El duelo por el fin de una serie de televisión

A día de hoy, nueve años después del último capítulo de Lost, muchas personas siguen teorizando sobre su desenlace. Si asumir el fin de una serie de televisión ya es difícil, para algunos aún lo es más al hacerlo sin comprender su resolución o sin estar de acuerdo con el propio desenlace.

A esa estela de finales controvertidos y polémicos, se le añade (según la opinión general) la reciente Juego de Tronos , Cómo conocí a vuestra madre, Dexter, House of Cards o Breaking Bad. Grandes espectáculos que nos sorprendieron en su momento por sus personajes y acertados guiones nos llevan (a veces) al desencanto en su resolución.
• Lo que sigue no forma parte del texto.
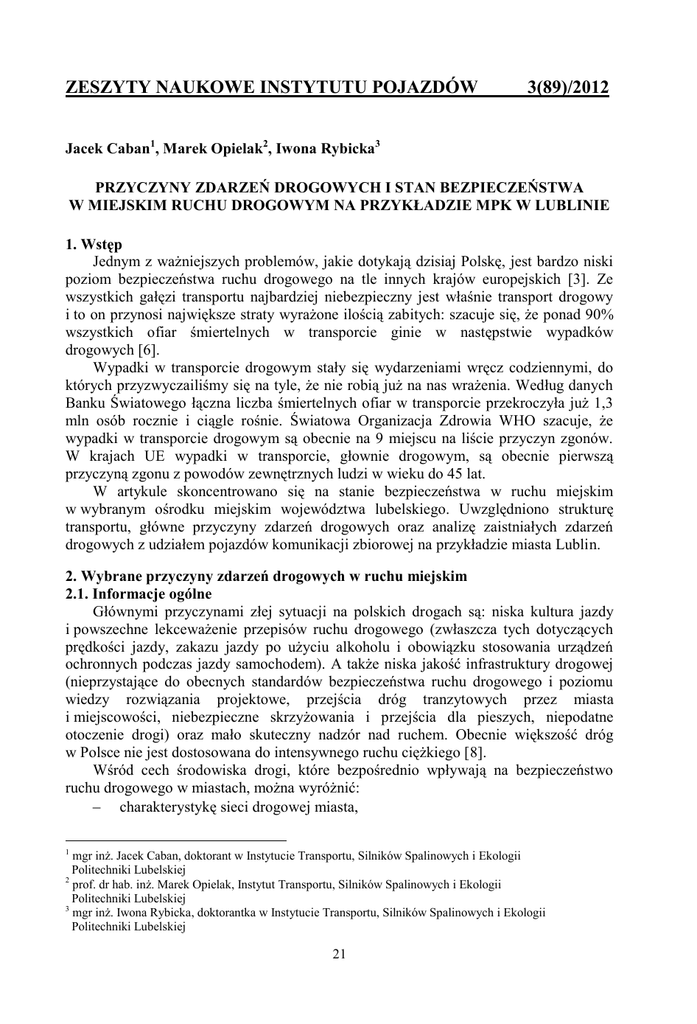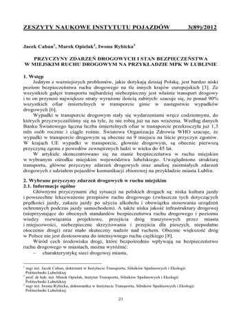 ZESZYTY NAUKOWE INSTYTUTU POJAZDÓW 3(89)/2012 Jacek Caban1, Marek Opielak2, Iwona Rybicka3 PRZYCZYNY ZDARZEŃ DROGOWYCH I STAN BEZPIECZEŃSTWA W MIEJSKIM RUCHU DROGOWYM NA PRZYKŁADZIE MPK W LUBLINIE 1. Wstęp Jednym z ważniejszych problemów, jakie dotykają dzisiaj Polskę, jest bardzo niski poziom bezpieczeństwa ruchu drogowego na tle innych krajów europejskich [3]. Ze wszystkich gałęzi transportu najbardziej niebezpieczny jest właśnie transport drogowy i to on przynosi największe straty wyrażone ilością zabitych: szacuje się, że ponad 90% wszystkich ofiar śmiertelnych w transporcie ginie w następstwie wypadków drogowych [6]. Wypadki w transporcie drogowym stały się wydarzeniami wręcz codziennymi, do których przyzwyczailiśmy się na tyle, że nie robią już na nas wrażenia. Według danych Banku Światowego łączna liczba śmiertelnych ofiar w transporcie przekroczyła już 1,3 mln osób rocznie i ciągle rośnie. Światowa Organizacja Zdrowia WHO szacuje, że wypadki w transporcie drogowym są obecnie na 9 miejscu na liście przyczyn zgonów. W krajach UE wypadki w transporcie, głownie drogowym, są obecnie pierwszą przyczyną zgonu z powodów zewnętrznych ludzi w wieku do 45 lat. W artykule skoncentrowano się na stanie bezpieczeństwa w ruchu miejskim w wybranym ośrodku miejskim województwa lubelskiego. Uwzględniono strukturę transportu, główne przyczyny zdarzeń drogowych oraz analizę zaistniałych zdarzeń drogowych z udziałem pojazdów komunikacji zbiorowej na przykładzie miasta Lublin. 2. Wybrane przyczyny zdarzeń drogowych w ruchu miejskim 2.1. Informacje ogólne Głównymi przyczynami złej sytuacji na polskich drogach są: niska kultura jazdy i powszechne lekceważenie przepisów ruchu drogowego (zwłaszcza tych dotyczących prędkości jazdy, zakazu jazdy po użyciu alkoholu i obowiązku stosowania urządzeń ochronnych podczas jazdy samochodem). A także niska jakość infrastruktury drogowej (nieprzystające do obecnych standardów bezpieczeństwa ruchu drogowego i poziomu wiedzy rozwiązania projektowe, przejścia dróg tranzytowych przez miasta i miejscowości, niebezpieczne skrzyżowania i przejścia dla pieszych, niepodatne otoczenie drogi) oraz mało skuteczny nadzór nad ruchem. Obecnie większość dróg w Polsce nie jest dostosowana do intensywnego ruchu ciężkiego [8]. Wśród cech środowiska drogi, które bezpośrednio wpływają na bezpieczeństwo ruchu drogowego w miastach, można wyróżnić: charakterystykę sieci drogowej miasta, mgr inż. Jacek Caban, doktorant w Instytucie Transportu, Silników Spalinowych i Ekologii Politechniki Lubelskiej prof. dr hab. inż. Marek Opielak, Instytut Transportu, Silników Spalinowych i Ekologii Politechniki Lubelskiej 3 mgr inż. Iwona Rybicka, doktorantka w Instytucie Transportu, Silników Spalinowych i Ekologii Politechniki Lubelskiej 1 2 21 warunki atmosferyczne, jezdni oraz charakterystykę oznaczenia drogi, charakterystykę techniczno – eksploatacyjną nawierzchni drogowej, parametry ruchu, takie jak natężenie, struktura rodzajowa i kierunkowa ruchu, parametry geometryczne elementów sieci drogowej, cechy organizacji. Zasadniczy wpływ na poziom bezpieczeństwo ruchu drogowego w mieście ma charakterystyka jego sieci drogowej, a w szczególności: poziom obsługi komunikacyjnej miasta określony stopniem dostosowania elementów sieci drogowej do potrzeb ruchu, stopień obciążenia sieci określony stosunkiem natężeń ruchu występujących na jej elementach do przepustowości tych elementów, charakterystyka prędkości i dostępności na poszczególnych elementach sieci, kolizyjność miejsc przecinania się tras różnych rodzajów użytkowników, zastosowane systemy i sposoby sterowania ruchem, kolizyjność w miejscach przecinania się ulic, sposoby lokalizowania i urządzania przystanków transportu zbiorowego, miejsca lokalizowania obiektów generujących duży ruch samochodowy i pieszy oraz sposoby ich podłączenia do sieci. Wady układu sieci drogowej miasta prowadzące do: przeciążenia ruchem elementów sieci drogowej, powstania nadmiernej liczby potencjalnych punktów kolizji, dużych różnic prędkości miedzy pojazdami, nadmiernej prędkości pojazdów w stosunku do poziomu bezpieczeństwa jakie stwarza środowisko drogi, dużych utrudnień dla ruchu pieszego i rowerowego. Rys. 1. Ogólna liczba wypadków drogowych i ich ofiar śmiertelnych w latach 2000 ÷ 2010, źródło KGP W zdecydowanej większości polskich miast brak jest wyraźnego podziału sieci drogowej na komunikacyjne strefy prędkości i dostępności. Z kolei w obszarach mieszkaniowych ulice przeznaczone do ruchu lokalnego projektuje się o geometrii zachęcającej kierowców do rozwijania dużych prędkości, o pełnej dostępności oraz do każdego rodzaju ruchu drogowego. W konsekwencji ciągi uliczne charakteryzują się dużymi natężeniami ruchu, dużymi prędkościami miedzy pojazdami [5]. 22 Jak widać z zestawienia (rys. 1.) oficjalne statystyki Komendy Głównej Policji, zaznacza się powolna tendencja spadkowa zdarzeń drogowych i ich ofiar. Z liczby 57331 wypadków drogowych pochłaniających 6294 ofiary śmiertelne w 2000 roku spadek do liczby 38832 wypadków w roku 2010 z liczbą 3907 ofiar. Łączna liczba wypadków drogowych w tym okresie wyniosła 543430, w których śmierć poniosło 59193 osoby. Liczba ofiar śmiertelnych stanowi około 11% całkowitej liczby zaistniałych wypadków drogowych (10,89%), w rozpatrywanym przedziale czasowym. Rysunek 2 przedstawia ogólną liczbę zdarzeń drogowych, ofiar tych wypadków oraz liczbę rannych zaistniałych w województwie lubelskim w latach 2008 ÷ 2011. Rys. 2. Ogólne zestawienie zdarzeń drogowych zaistniałych w województwie lubelskim Na poziom bezpieczeństwa ruchu drogowego ma istotny wpływ charakterystyka otoczenia ulic. Na przykład na odcinkach ulic otoczonych tylko zielenią zagrożenie powstania zdarzenia drogowego

¿Cómo asumir entonces el fin de una serie de televisión en estos casos? Obviamente no es recomendable hacer con los guionistas lo mismo que hizo el personaje de Annie Wilkes en Misery con su escritor favorito. Aunque creemos un vínculo emocional con estos espectáculos televisivos, no deja de ser eso mismo, un apasionante espectáculo con un inicio y un final.

Podemos llevar a cabo nuestro propio duelo con otros fans, con amigos, compañeros y familiares compartiendo sensaciones y evocando, sobre todo, los buenos momentos vividos en esas series. Lo bueno de este universo televisivo es que el espectáculo nunca terminaCuando nos demos cuenta, aparecerá otra serie a la que caer rendidos.